Instructions for the task: Restate word for word the part of the material that runs from the line containing "Not much has" through its final line, inclusive, minus the pictures.

Data for this task:
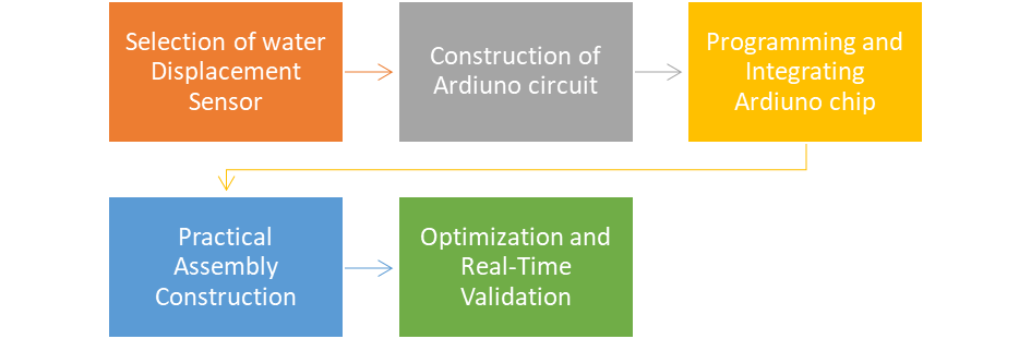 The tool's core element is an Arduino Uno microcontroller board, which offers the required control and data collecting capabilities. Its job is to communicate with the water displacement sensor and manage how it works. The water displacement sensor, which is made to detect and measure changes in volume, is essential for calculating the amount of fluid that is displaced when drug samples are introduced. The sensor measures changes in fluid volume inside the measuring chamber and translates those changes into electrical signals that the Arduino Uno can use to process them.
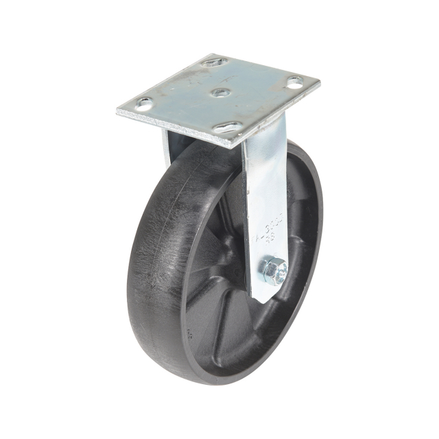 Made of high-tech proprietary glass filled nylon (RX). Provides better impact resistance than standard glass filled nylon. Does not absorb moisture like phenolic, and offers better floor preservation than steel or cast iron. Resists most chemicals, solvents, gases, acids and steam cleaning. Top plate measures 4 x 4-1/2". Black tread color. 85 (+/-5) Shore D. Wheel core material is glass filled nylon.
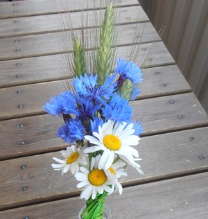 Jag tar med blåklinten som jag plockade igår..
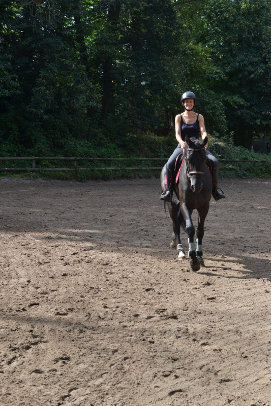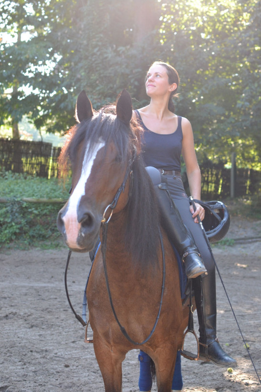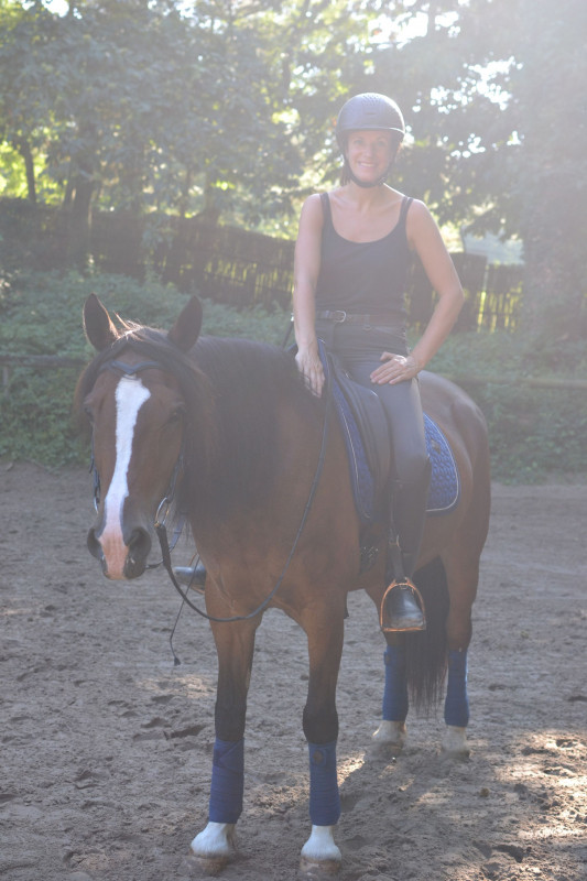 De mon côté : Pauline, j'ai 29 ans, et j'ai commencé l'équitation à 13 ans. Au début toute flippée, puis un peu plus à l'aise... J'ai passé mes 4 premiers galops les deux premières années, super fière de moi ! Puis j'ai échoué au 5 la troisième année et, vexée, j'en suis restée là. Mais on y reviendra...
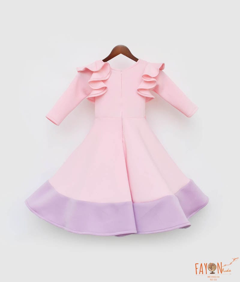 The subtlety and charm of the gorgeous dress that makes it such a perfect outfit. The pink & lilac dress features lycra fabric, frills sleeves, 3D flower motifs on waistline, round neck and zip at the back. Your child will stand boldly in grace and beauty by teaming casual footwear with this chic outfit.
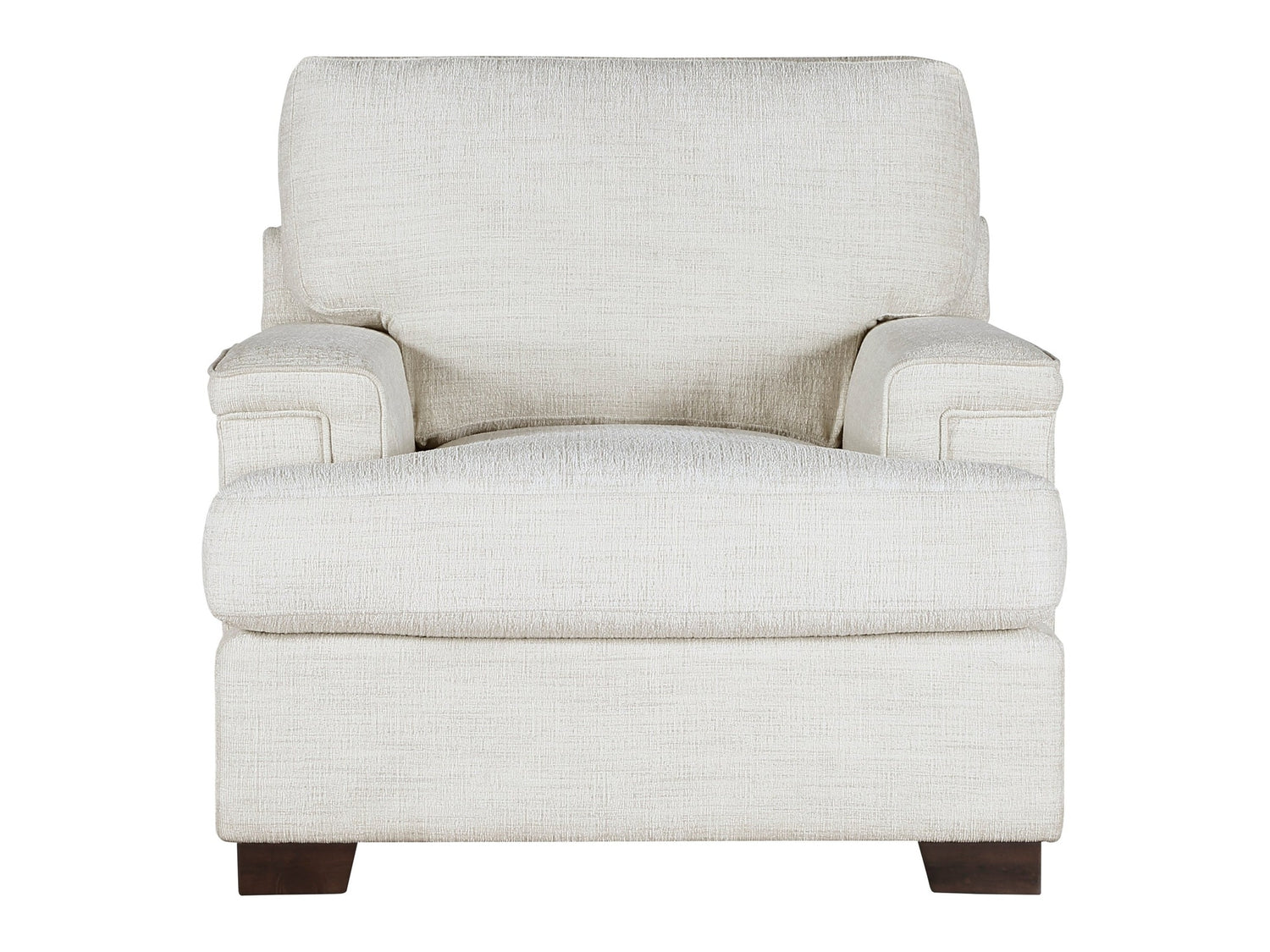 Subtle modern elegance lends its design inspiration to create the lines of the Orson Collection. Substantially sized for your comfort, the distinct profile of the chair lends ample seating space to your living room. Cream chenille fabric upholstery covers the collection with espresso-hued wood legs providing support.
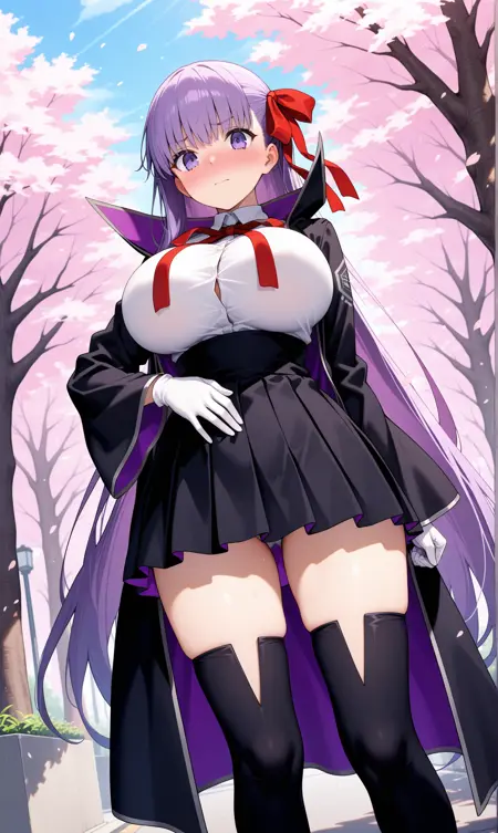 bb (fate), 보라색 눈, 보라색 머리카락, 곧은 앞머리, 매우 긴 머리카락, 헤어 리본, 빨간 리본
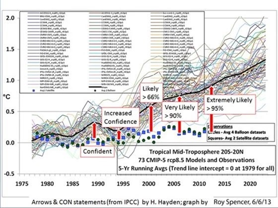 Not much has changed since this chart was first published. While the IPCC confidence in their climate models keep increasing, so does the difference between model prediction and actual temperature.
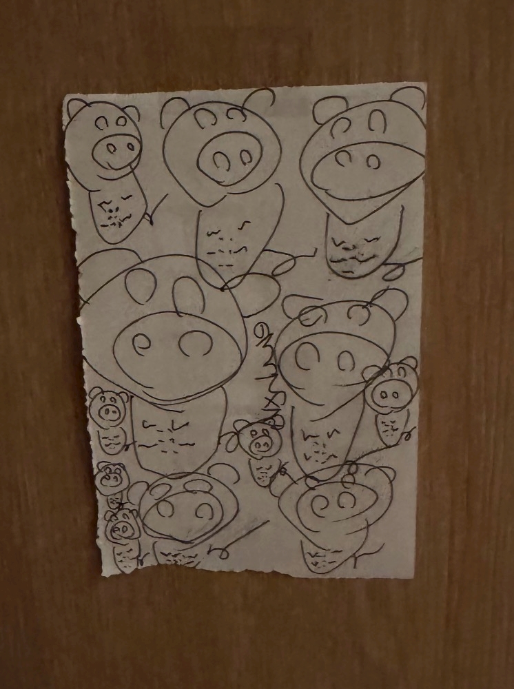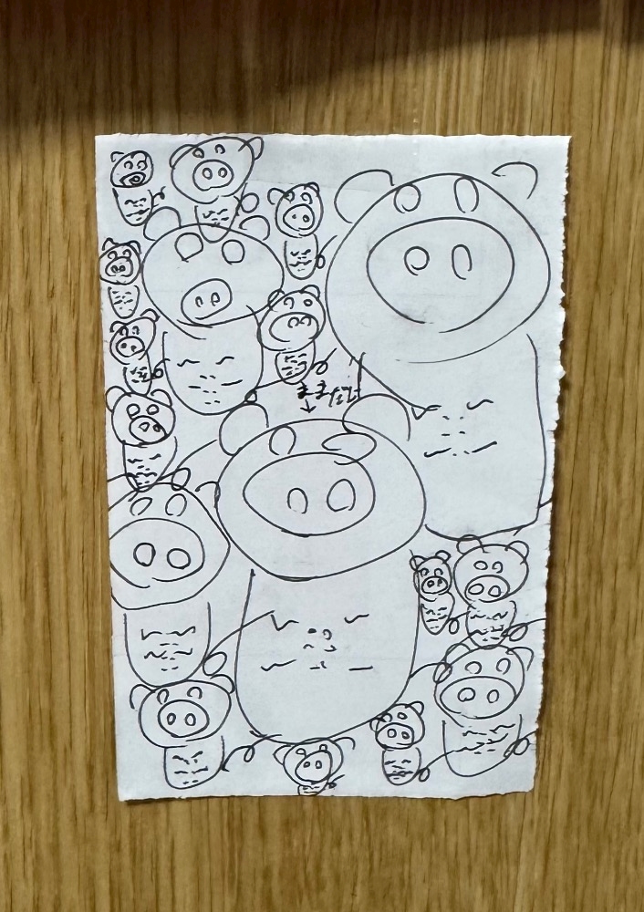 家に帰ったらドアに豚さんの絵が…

Solution below:
 Not much has changed since this chart was first published. While the IPCC confidence in their climate models keep increasing, so does the difference between model prediction and actual temperature.
 家に帰ったらドアに豚さんの絵が…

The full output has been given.